Even if Sebillot’s work was criticized by his successor Arnold Van Gennep, Sébillot’s encyclopedism is still noticeable in Van Gennep’s Manuel de folklore français contemporain (1937-58). An ethnologist, Arnold Van Gennep (1873–1957) started a closer study of rural populations after having conducted research into remote and “primitive” cultures and civilizations. Indeed, according to him, folklore corresponded to the ethnography of rural populations of Europe; he is still renowned today for his Les rites de passage (1909).

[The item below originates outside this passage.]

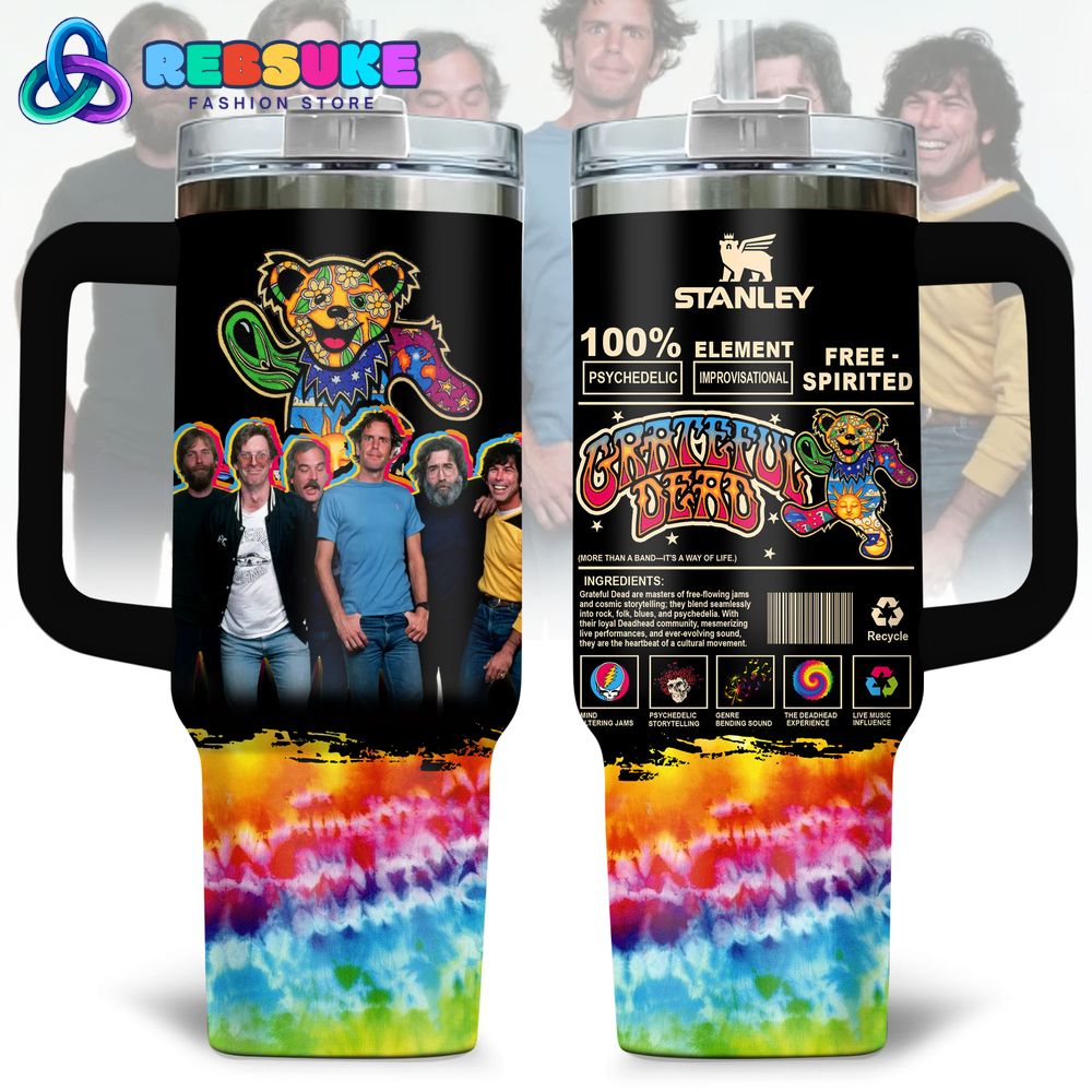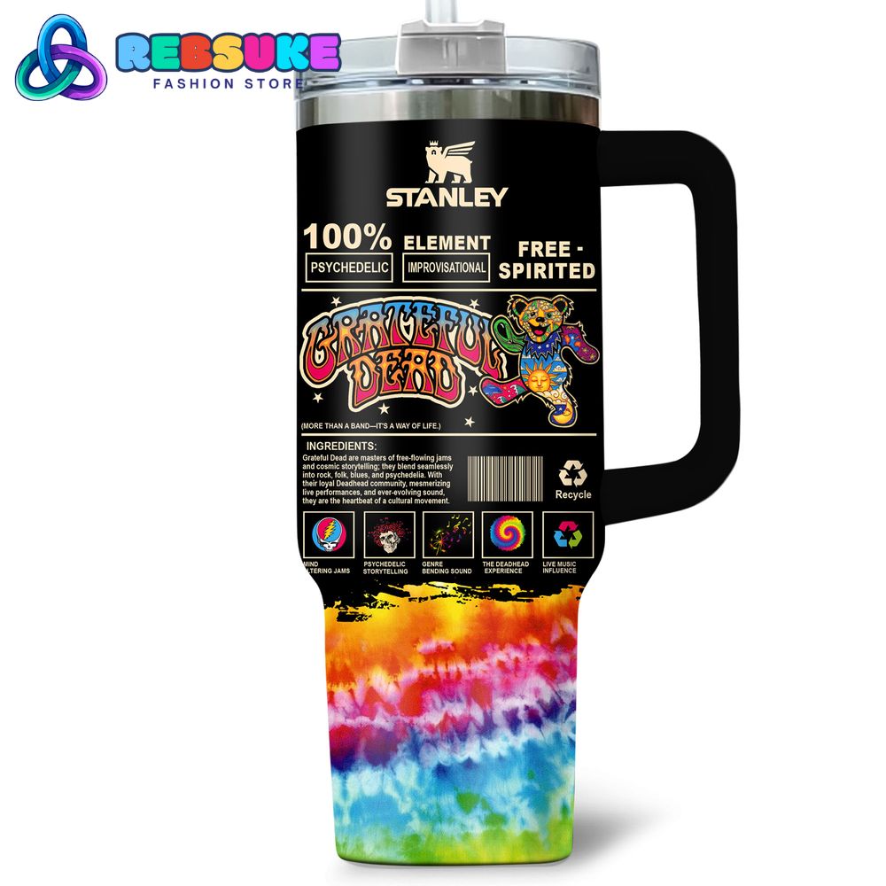 The right side of the tumbler is styled like a product label, blending humor and fandom to celebrate the Grateful Dead’s unique legacy. The label reads “Stanley 100% Element Free-Spirited Psychedelic Improvisational,” branding the Grateful Dead as the ultimate pioneers of their genre. Below, the text “Grateful Dead (More Than A Band—It’s A Way Of Life!)” is prominently displayed, emphasizing the band’s deep connection with their fanbase and their cultural impact. The label also lists playful “ingredients” that define the Grateful Dead’s music—such as “Mind-Bending Jams,” “Psychedelic Storytelling,” “Genre-Bending Sound,” “The Deadhead Experience,” and “Live Music Influence”—each accompanied by small icons like a guitar, a spiral, and a peace sign, adding a thematic flair to the design.

From its beginnings in the Napoleonic Description de l’Egypte, ethnography was also entangled with 19th-century Orientalism. In 1822, the newly-founded Société Asiatique had the purpose of studying the great Oriental civilizations, with, among its founders and early members, the Sanskritist Silvestre de Sacy (1758–1833), the Egyptologist Jean-François Champollion (1790–1832), and the Sinologist Pierre Rémusat (1788–1832). In 1859, the ethnologist and first Japanologist in France, Léon Prounol de Rosny (1837–1914), founded the Société d’ethnographie américaine et orientale (Société d’ethnographie from 1864 on). Rosny organized the first Congrès international des orientalistes, held in Paris in 1873; among the participants was the Semitic and biblical scholar Ernest Renan.